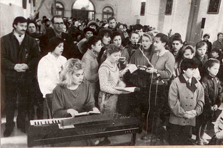Вось на здымку жаночая суполка. Яны самазабыўна спяваюць. Галасы гэтых жанчын і цяпер звонка раздаюцца пад скляпеннямі касцёла. Яны славяць Бога прыгожым спевам падчас набажэнстваў. Увогуле наша парафія вельмі музыкальная. Спяваюць усе, хто як здольны, бо той, хто спявае Богу, двойчы моліцца...
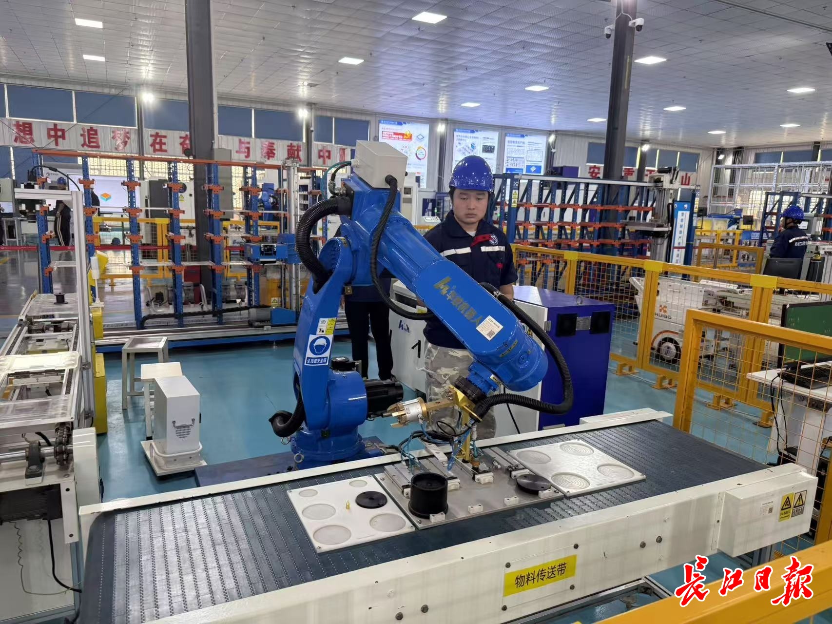 武汉软件工程职业学院学生在智能制造开放型产教融合实践中心。记者陈晓彤 摄
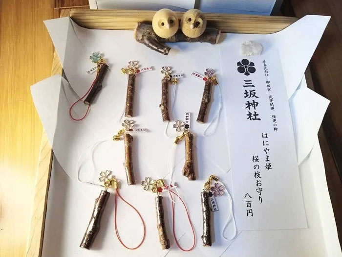 御守りはこの神社独自のものがたくさんあります。御守りは、御守りを作ってくれる業者さんに発注すると、御守り袋の裏に神社名を入れて、納品してくれます。そういった御守りが一般的ですので、御守り袋の見た目は多くの神社で似通っている場合があります。ですが当社では、三坂神社の完全オリジナルの御守りを色々と奉製しています。たとえば、私自身が全て手作りしている御守り(みたま守り)や、地元の桜の環境保全団体とコラボして、地元の桜の枝を使った手作りの「桜の枝御守り」もあります。
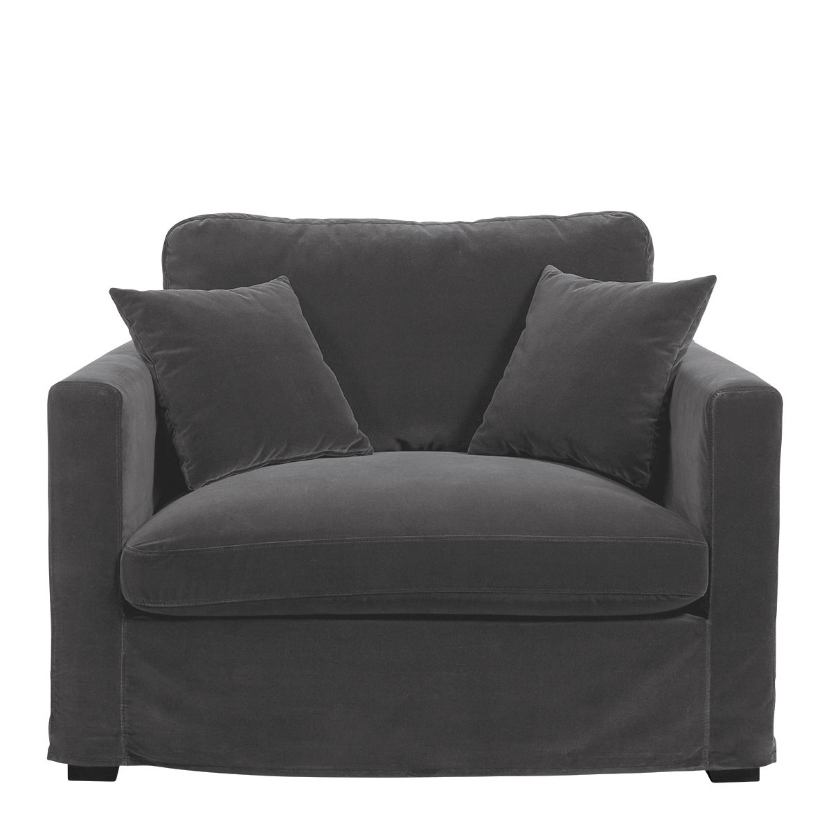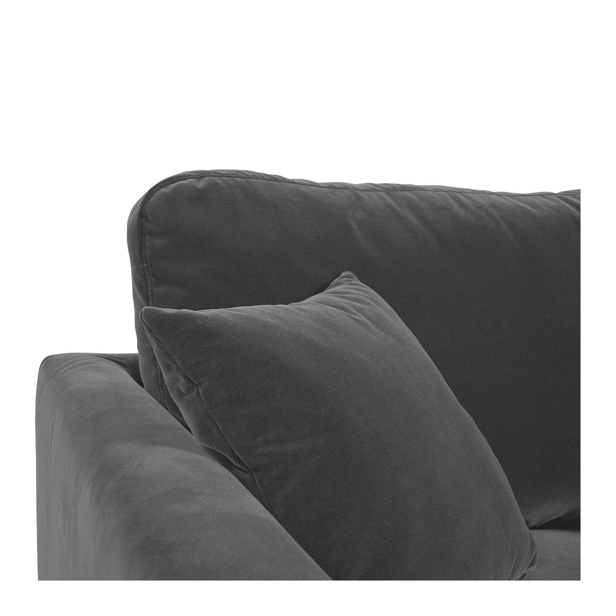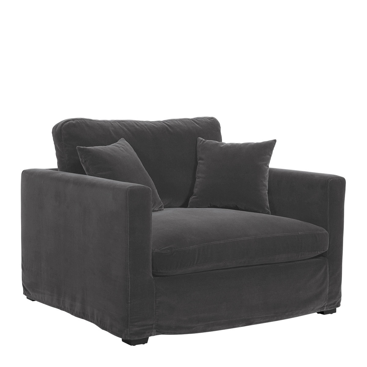 Comfort and elegance come together in your living room with the ANGIE armchair in dark gray cotton velvet. Its soft upholstery, generous seating, 2 plush cushions and large armrests make it one of the most comfortable seats. Its deep color will instantly create a warm atmosphere in your living space. Its structure and solid beech feet ensure robustness and stability.

EXERCISE INSTRUCTIONS:
Reproduce the data verbatim. Do not carry any picture into the copy.

THE COMPLETED TASK:
Вось на здымку жаночая суполка. Яны самазабыўна спяваюць. Галасы гэтых жанчын і цяпер звонка раздаюцца пад скляпеннямі касцёла. Яны славяць Бога прыгожым спевам падчас набажэнстваў. Увогуле наша парафія вельмі музыкальная. Спяваюць усе, хто як здольны, бо той, хто спявае Богу, двойчы моліцца...
 武汉软件工程职业学院学生在智能制造开放型产教融合实践中心。记者陈晓彤 摄
 御守りはこの神社独自のものがたくさんあります。御守りは、御守りを作ってくれる業者さんに発注すると、御守り袋の裏に神社名を入れて、納品してくれます。そういった御守りが一般的ですので、御守り袋の見た目は多くの神社で似通っている場合があります。ですが当社では、三坂神社の完全オリジナルの御守りを色々と奉製しています。たとえば、私自身が全て手作りしている御守り(みたま守り)や、地元の桜の環境保全団体とコラボして、地元の桜の枝を使った手作りの「桜の枝御守り」もあります。
 Comfort and elegance come together in your living room with the ANGIE armchair in dark gray cotton velvet. Its soft upholstery, generous seating, 2 plush cushions and large armrests make it one of the most comfortable seats. Its deep color will instantly create a warm atmosphere in your living space. Its structure and solid beech feet ensure robustness and stability.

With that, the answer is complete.